**The data:**

_ _ _ _

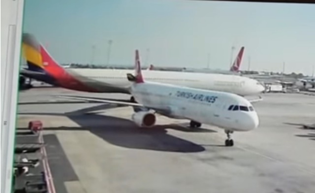 활주로 이동 중 날개로 터키항공 A321 꼬리 치고 이동
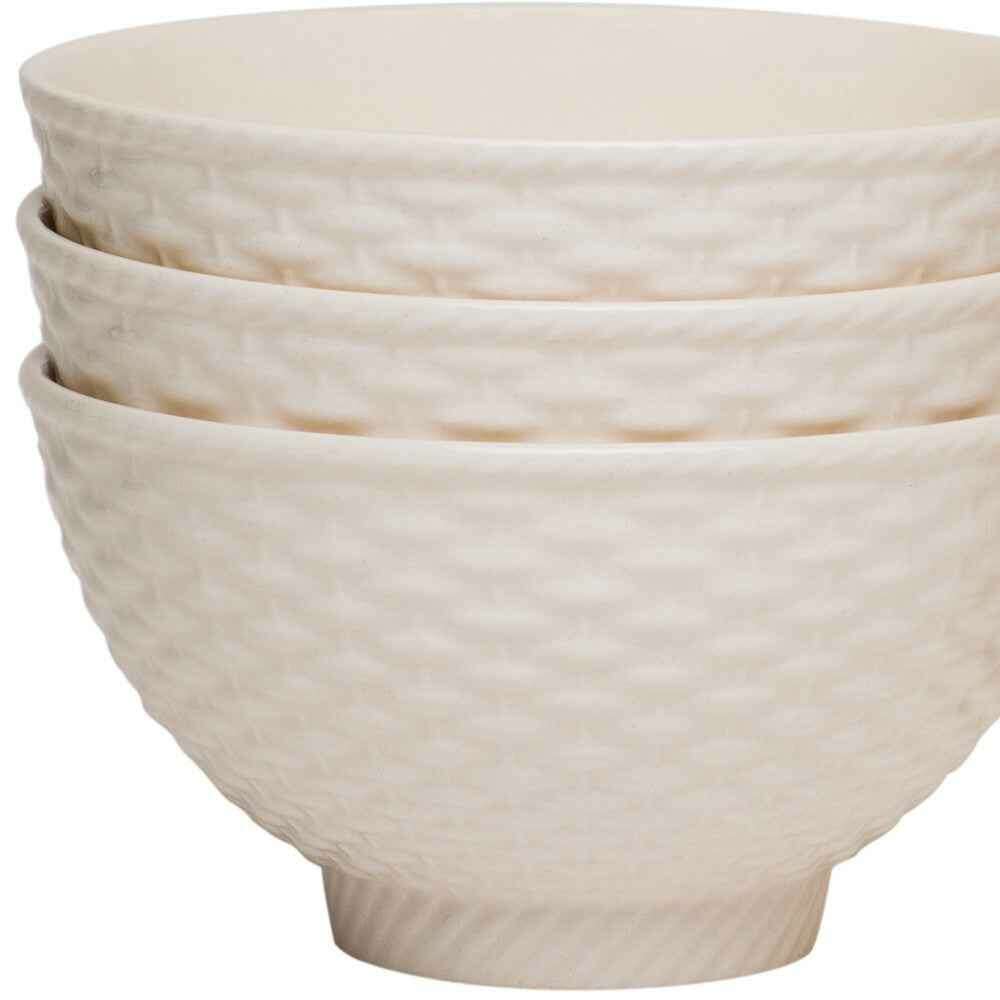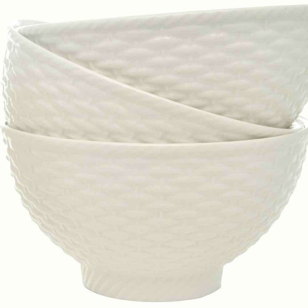 This white four piece weave stoneware service for four bowl set is the perfect addition to your dining collection. Made of durable and chip-resistant stoneware, this set includes four dessert bowls that are both microwave and dishwasher safe. With a stylish cottage design and a stackable feature, these bowls are not only functional but also aesthetically pleasing. Whether you're serving delicious desserts or using them for everyday meals, this set is sure to impress your guests. The set is designed with convenience in mind, as it is easy to clean and store. Upgrade your dinnerware collection with this versatile and high-quality bowl set. 3-inch H x 5.5-inch W x 5.5-inch D
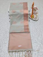 🌹Artistic Detail: The body is adorned with delicate floral buttas, while the borders feature intricate woven creepers in a modern Copper Zari finish.
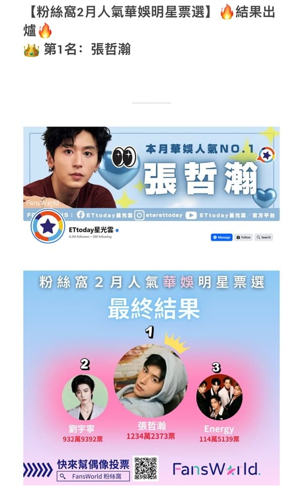 ETtoday華語エンタメスター人気投票 – 張哲瀚が11か月連続でチャンピオンを獲得。
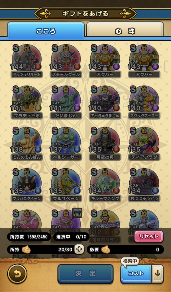 ![]() こころ | ・S~Dランクまで ・宝の地図のフィールドに出現するメインストーリー系まで ・強敵モンスターは交換可能 ・ギガモン、メガモン、ほこら、覚醒千里行限定などは対象外 ・イベント配布も対象外 ・ご当地(地域限定)のこころも対象外 ※鍵を掛けていると交換不可 |
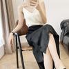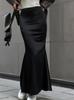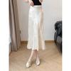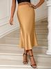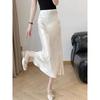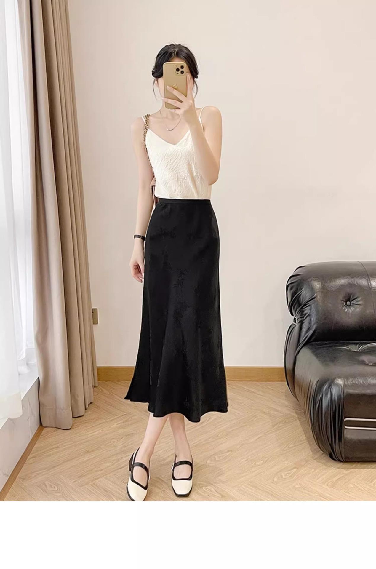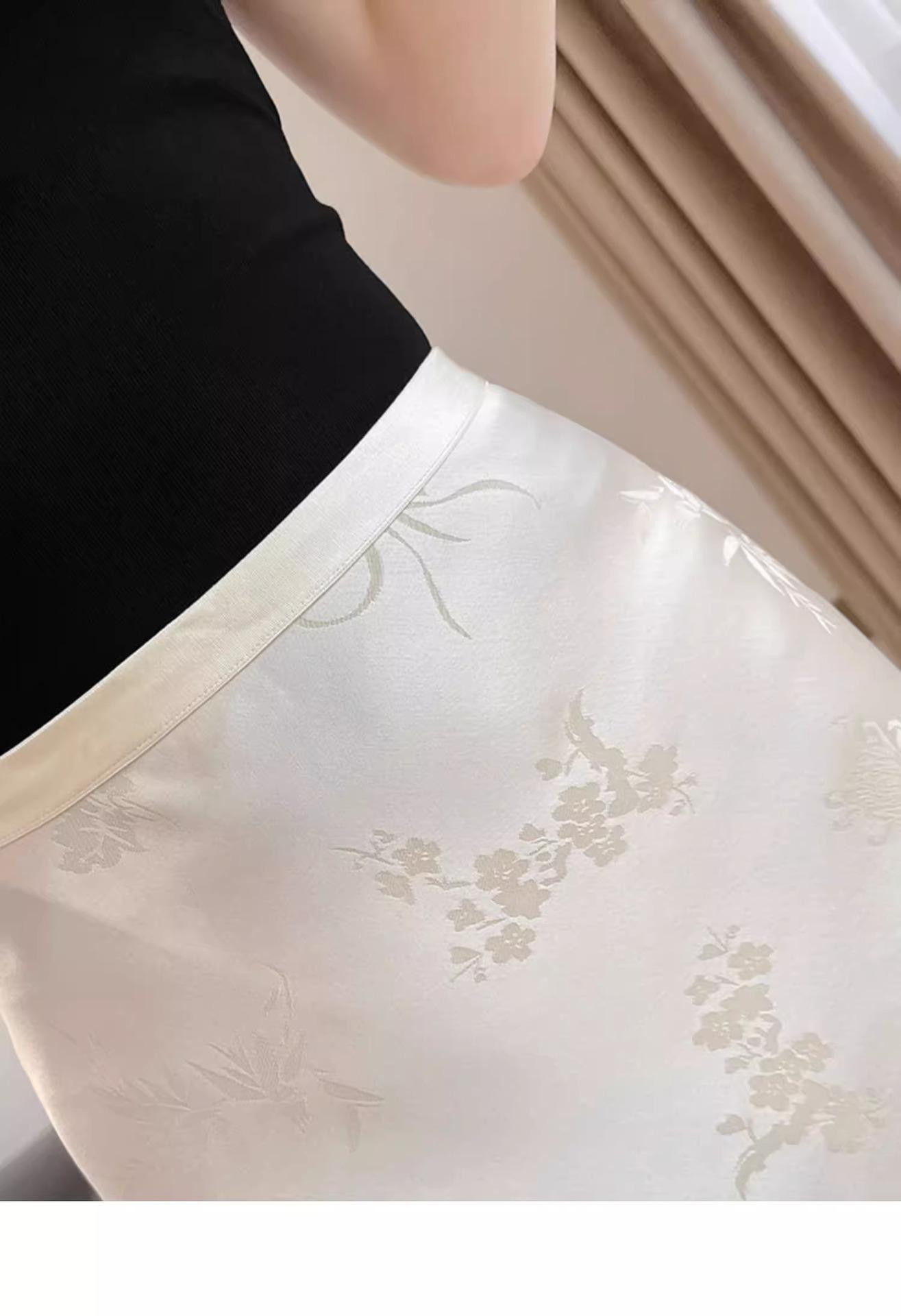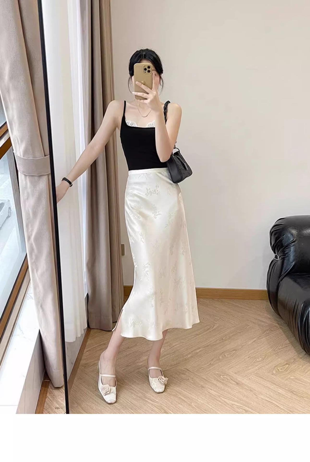 Falda de Cadera de Satén Acetato Imitación para Personas Pequeñas, Jacquard Brillante Cintura Alta Look Adelgazante Línea A Largo Medio A4502
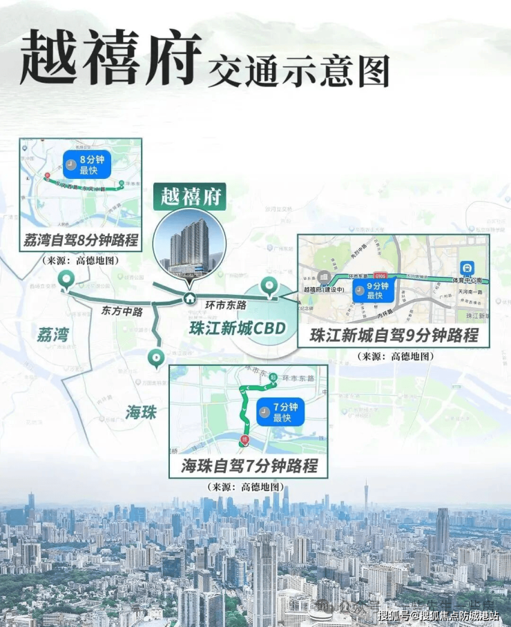 项目周边环市东路、东濠涌高架、东风东路三大主干道环绕,形成“三横三纵”的交通网络。驾车10分钟可达天河体育中心,15分钟可达海珠江南西,早高峰通勤效率在广州TOP级。同时,项目周边设有多个停车场,方便业主停车。
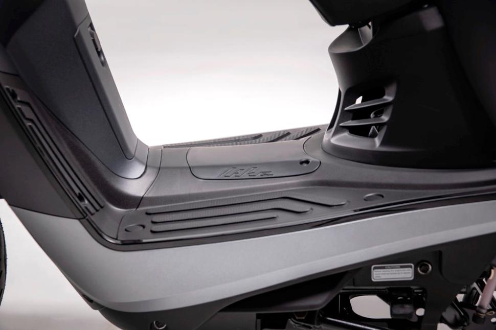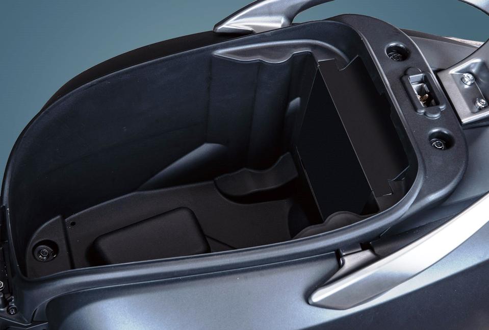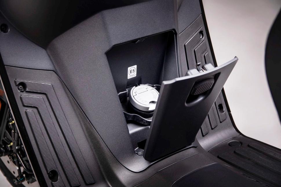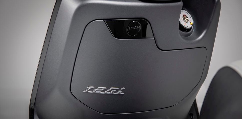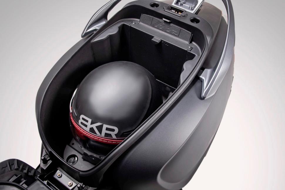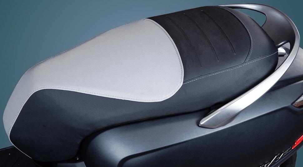 Цельное двухсекционное сиденье с мягкой набивкой закрывает традиционный для городских скутеров подседельный кофр. Кроме него скутер оснащён передним бардачком с USB-гнездом и цифроаналоговой приборной панелью, совмещающей лучшие аспекты прошлого и настоящего. Учитывая вес в 129кг, скутер подойдёт райдерам самого разного роста.
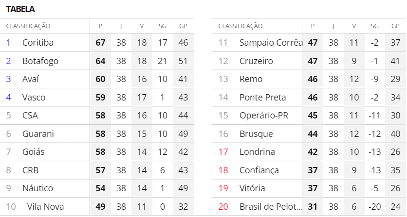 - O Vasco (9º colocado, 47 pontos) vence seus 4 jogos restantes (Vitória, Vila Nova, Remo e Londrina), chegando a 59 pontos

_ _ _ _

**What is being asked:** Give an exact copy of the data, and omit any pictures it holds.

**Response:**
 활주로 이동 중 날개로 터키항공 A321 꼬리 치고 이동
 This white four piece weave stoneware service for four bowl set is the perfect addition to your dining collection. Made of durable and chip-resistant stoneware, this set includes four dessert bowls that are both microwave and dishwasher safe. With a stylish cottage design and a stackable feature, these bowls are not only functional but also aesthetically pleasing. Whether you're serving delicious desserts or using them for everyday meals, this set is sure to impress your guests. The set is designed with convenience in mind, as it is easy to clean and store. Upgrade your dinnerware collection with this versatile and high-quality bowl set. 3-inch H x 5.5-inch W x 5.5-inch D
 🌹Artistic Detail: The body is adorned with delicate floral buttas, while the borders feature intricate woven creepers in a modern Copper Zari finish.
 ETtoday華語エンタメスター人気投票 – 張哲瀚が11か月連続でチャンピオンを獲得。
 ![]() こころ | ・S~Dランクまで ・宝の地図のフィールドに出現するメインストーリー系まで ・強敵モンスターは交換可能 ・ギガモン、メガモン、ほこら、覚醒千里行限定などは対象外 ・イベント配布も対象外 ・ご当地(地域限定)のこころも対象外 ※鍵を掛けていると交換不可 |
 Falda de Cadera de Satén Acetato Imitación para Personas Pequeñas, Jacquard Brillante Cintura Alta Look Adelgazante Línea A Largo Medio A4502
 项目周边环市东路、东濠涌高架、东风东路三大主干道环绕,形成“三横三纵”的交通网络。驾车10分钟可达天河体育中心,15分钟可达海珠江南西,早高峰通勤效率在广州TOP级。同时,项目周边设有多个停车场,方便业主停车。
 Цельное двухсекционное сиденье с мягкой набивкой закрывает традиционный для городских скутеров подседельный кофр. Кроме него скутер оснащён передним бардачком с USB-гнездом и цифроаналоговой приборной панелью, совмещающей лучшие аспекты прошлого и настоящего. Учитывая вес в 129кг, скутер подойдёт райдерам самого разного роста.
 - O Vasco (9º colocado, 47 pontos) vence seus 4 jogos restantes (Vitória, Vila Nova, Remo e Londrina), chegando a 59 pontos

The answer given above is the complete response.